Meniru langkah Singapura, pemerintah Mumbai setidaknya menghabiskan dana hingga Rs 2,9 juta di tahun 2002 untuk membangun pusat jajanan lima lantai di Dadar-Matunga. Namun, hanya sedikit pedagang yang mau pindah ke sana.
Para pedagang enggan pindah ke pusat jajanan itu, karena merasa pelanggannya akan hilang. Para pedagang di kawasan Dadar-Matunga, umumnya menargetkan para penumpang yang keluar dari stasiun kereta Dadar. Jika pindah ke dalam gedung pusat jajanan, pedagang takut tidak banyak pembeli yang sudi datang.
Fokus pada kebersihan
Di Singapura, alasan relokasi PKL juga dipicu oleh faktor kebersihan dan ancaman penyakit. Ketika memindahkan para pedagang, pemerintah pun memastikan bahwa setiap pusat jajanan dilengkapi oleh fasilitas toilet, air minum, dan fasilitas lain yang menunjang kebersihan.
Pedagang berlisensi pun diwajibkan mengikuti aturan kebersihan, seperti tidak menjual makanan yang telah terkontaminasi, serta tidak membuang air kotor atau sampah ke saluran pembuangan terbuka. Aturan tersebut dibuat untuk memberi rasa nyaman bagi para pembeli, baik lokal maupun wisatawan asing yang berkunjung ke sana.
Pelatihan kewirausahaan
Oktober 2013 lalu, pemerintah Singapura memperkenalkan program percontohan untuk mendorong kewirausahaan pedagang kaki lima melalui ikatan dengan sektor swasta. Program tersebut melibatkan pelatihan di tempat kerja dengan pedagang lama untuk menginspirasi calon pedagang guna mengasah keterampilan kuliner mereka.
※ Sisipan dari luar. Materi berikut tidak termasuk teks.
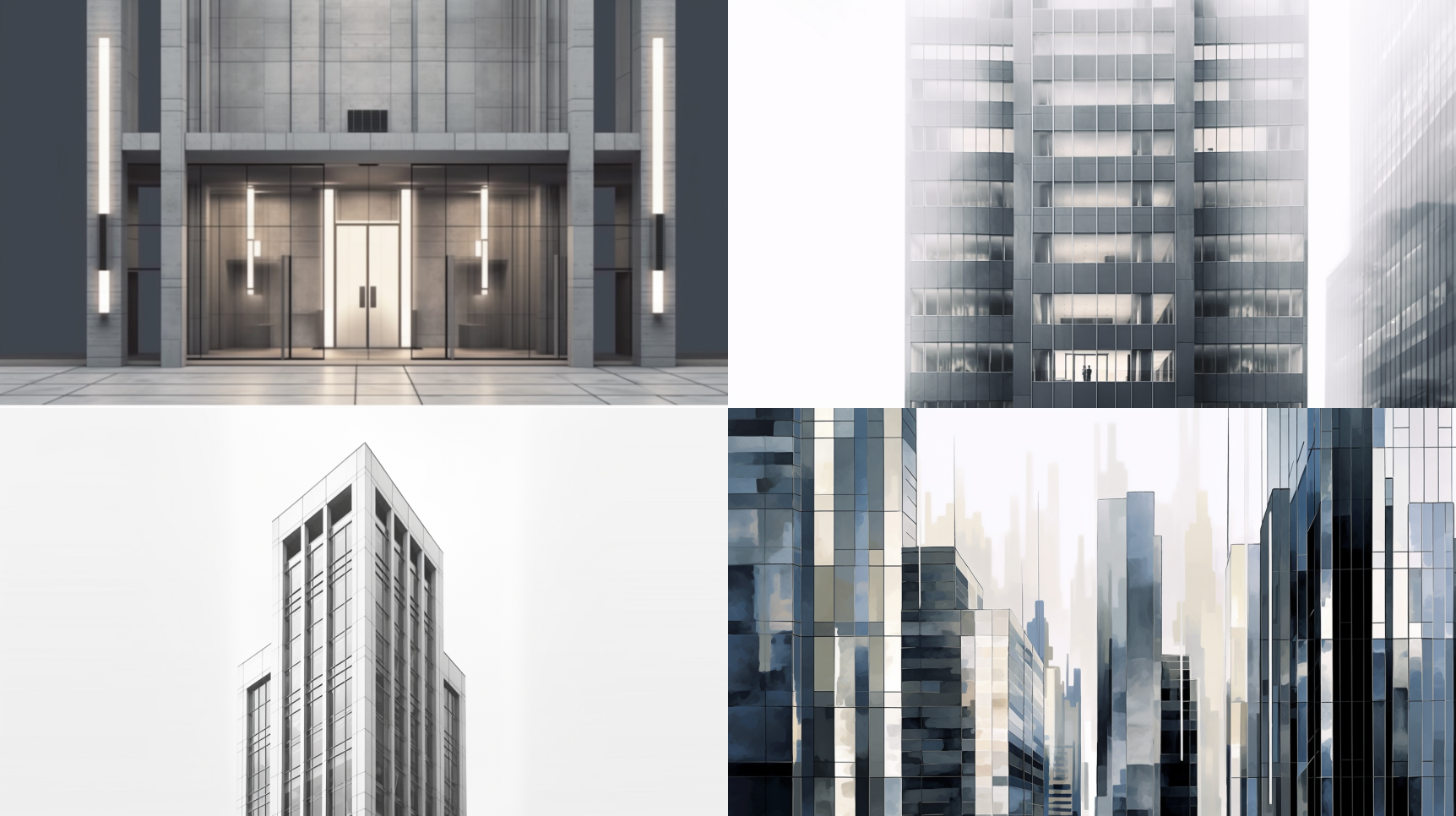 A sleek and minimalist skyscraper, medium: digital painting, style: inspired by the artwork in Ludwig Mies van der Rohe's iconic designs, lighting: clean and even lighting accentuating the building's geometric forms, colors: a monochromatic palette of whites, grays, and metallic accents, composition: showcasing the building's clean lines, glass façade, and the sense of verticality and modernity it exudes. --ar 16:9 --v 5.1 --style raw --q 2 --s 750A minimalist living room, medium: digital painting, style: reminiscent of the artwork in Le Corbusier's functionalist designs, lighting: soft, diffused natural light creating a serene atmosphere, colors: a combination of neutral tones and pops of vibrant colors in furniture and artwork, composition: highlighting the open floor plan, clean lines, and the sense of openness and simplicity that defines modernist interiors. --ar 16:9 --v 5.1 --style raw --q 2 --s 750An abstract geometric painting, medium: digital painting, style: inspired by the artwork of Piet Mondrian and Kazimir Malevich, colors: a bold and contrasting palette of primary colors and geometric shapes, composition: focusing on the interplay of lines, shapes, and colors to create a dynamic and visually engaging modernist artwork. --ar 16:9 --v 5.1 --style raw --q 2 --s 750A modular and sustainable housing complex, medium: digital painting, style: reminiscent of the artwork in Walter Gropius' Bauhaus architecture, lighting: soft, natural light highlighting the clean lines and functional design, colors: a mix of neutral tones and pops of color in communal spaces, composition: showcasing the innovative use of modular elements, efficient floor plans, and the integration of green spaces in a modernist residential building. --ar 16:9 --v 5.1 --style raw --q 2 --s 750A glass and steel corporate headquarters, medium: digital painting, style: inspired by the artwork in Skidmore, Owings & Merrill's contemporary designs, lighting: natural light reflecting off the glass façade, colors: a combination of sleek metallic surfaces and transparent glass against a contrasting backdrop, composition: highlighting the building's geometric forms, clean lines, and the sense of transparency and efficiency associated with modernist office spaces. --ar 16:9 --v 5.1 --style raw --q 2 --s 750A minimalist and sculptural garden, medium: digital painting, style: reminiscent of the artwork in Roberto Burle Marx's landscape designs, lighting: soft, natural light illuminating the garden's features, colors: a limited palette of greens and contrasting hues, composition: focusing on the interplay of geometric forms, clean lines, and the integration of natural elements to create a serene and harmonious modernist landscape. --ar 16:9 --v 5.1 --style raw --q 2 --s 750A functional and efficient factory, medium: digital painting, style: inspired by the artwork in Albert Kahn's industrial architecture, lighting: even and bright lighting emphasizing the building's utilitarian features, colors: a combination of clean whites and neutral tones against a solid backdrop, composition: highlighting the building's streamlined design, modular elements, and the sense of efficiency and productivity that characterizes modernist industrial architecture. --ar 16:9 --v 5.1 --style raw --q 2 --s 750A contemporary art museum, medium: digital painting, style: reminiscent of the artwork in Frank Gehry's iconic designs, lighting: dynamic and dramatic lighting accentuating the building's sculptural forms, colors: a mix of metallic surfaces, bold accents, and contrasting tones, composition: showcasing the museum's avant-garde architecture, open spaces, and the integration of contemporary art in a modernist cultural institution. --ar 16:9 --v 5.1 --style raw --q 2 --s 750A twisted and dynamic tower, medium: digital painting, style: inspired by the artwork in Santiago Calatrava's futuristic designs, lighting: dramatic lighting highlighting the tower's unique form and structural elements, colors: a combination of sleek metallic surfaces and glass against a contrasting backdrop, composition: showcasing the tower's innovative and sculptural design, capturing its visual impact and the sense of movement it conveys. --ar 16:9 --v 5.1 --style raw --q 2 --s 750A futuristic and efficient subway station, medium: digital painting, style: reminiscent of the artwork in Norman Foster's transportation designs, lighting: bright and functional lighting emphasizing the station's sleek features, colors: a combination of clean whites, metallic accents, and vibrant pops of color in wayfinding elements, composition: highlighting the station's minimalist design, clear circulation paths, and the sense of connectivity and mobility associated with modernist transportation hubs. --ar 16:9 --v 5.1 --style raw --q 2 --s 750A sustainable and eco-friendly manufacturing facility, medium: digital painting, style: inspired by the artwork in Renzo Piano's industrial designs, lighting: natural light filtering through sustainable building materials, colors: a combination of earthy tones, green accents, and transparent surfaces, composition: showcasing the factory's efficient layout, renewable energy features, and the integration of green spaces and eco-conscious technologies in a modernist industrial setting. --ar 16:9 --v 5.1 --style raw --q 2 --s 750A vertical garden skyscraper, medium: digital painting, style: reminiscent of the artwork in Stefano Boeri's vertical forest designs, lighting: soft and natural lighting accentuating the tower's greenery, colors: a harmonious blend of vibrant greens, earthy tones, and sleek metallic surfaces, composition: highlighting the tower's unique façade covered in lush vegetation, showcasing its innovative approach to urban sustainability and the integration of nature in a modernist residential setting. --ar 16:9 --v 5.1 --style raw --q 2 --s 750A dynamic and interactive exhibition space, medium: digital painting, style: inspired by the artwork in

Pengalaman di Bangkok, Thailand
Pada tahun 2017, Bangkok kedua kali terpilih menjadi tujuan terbaik dunia untuk jajanan di pinggir jalan. Namun sebulan setelah itu, pemerintah mengumumkan bahwa semua pedagang kaki lima di kota itu akan 'dihilangkan' dari jalanan.
Dalam upaya untuk meningkatkan kebersihan dan keselamatan, Bangkok Metropolitan Administration (BMA) mengatakan bahwa PKL akan dibersihkan dari jalanan pada akhir tahun 2017.
"BMA sekarang berupaya untuk menyingkirkan para pedagang kaki lima dari semua 50 distrik Bangkok dan mengembalikan trotoar ke pejalan kaki," Wanlop Suwandee, kepala penasihat gubernur Bangkok.
Suwandee juga mengatakan banyaknya pedagang kaki lima menyita ruang trotoar dan mereka telah menyediakan ruang untuk para penjual makanan dan produk lainnya secara legal di pasar.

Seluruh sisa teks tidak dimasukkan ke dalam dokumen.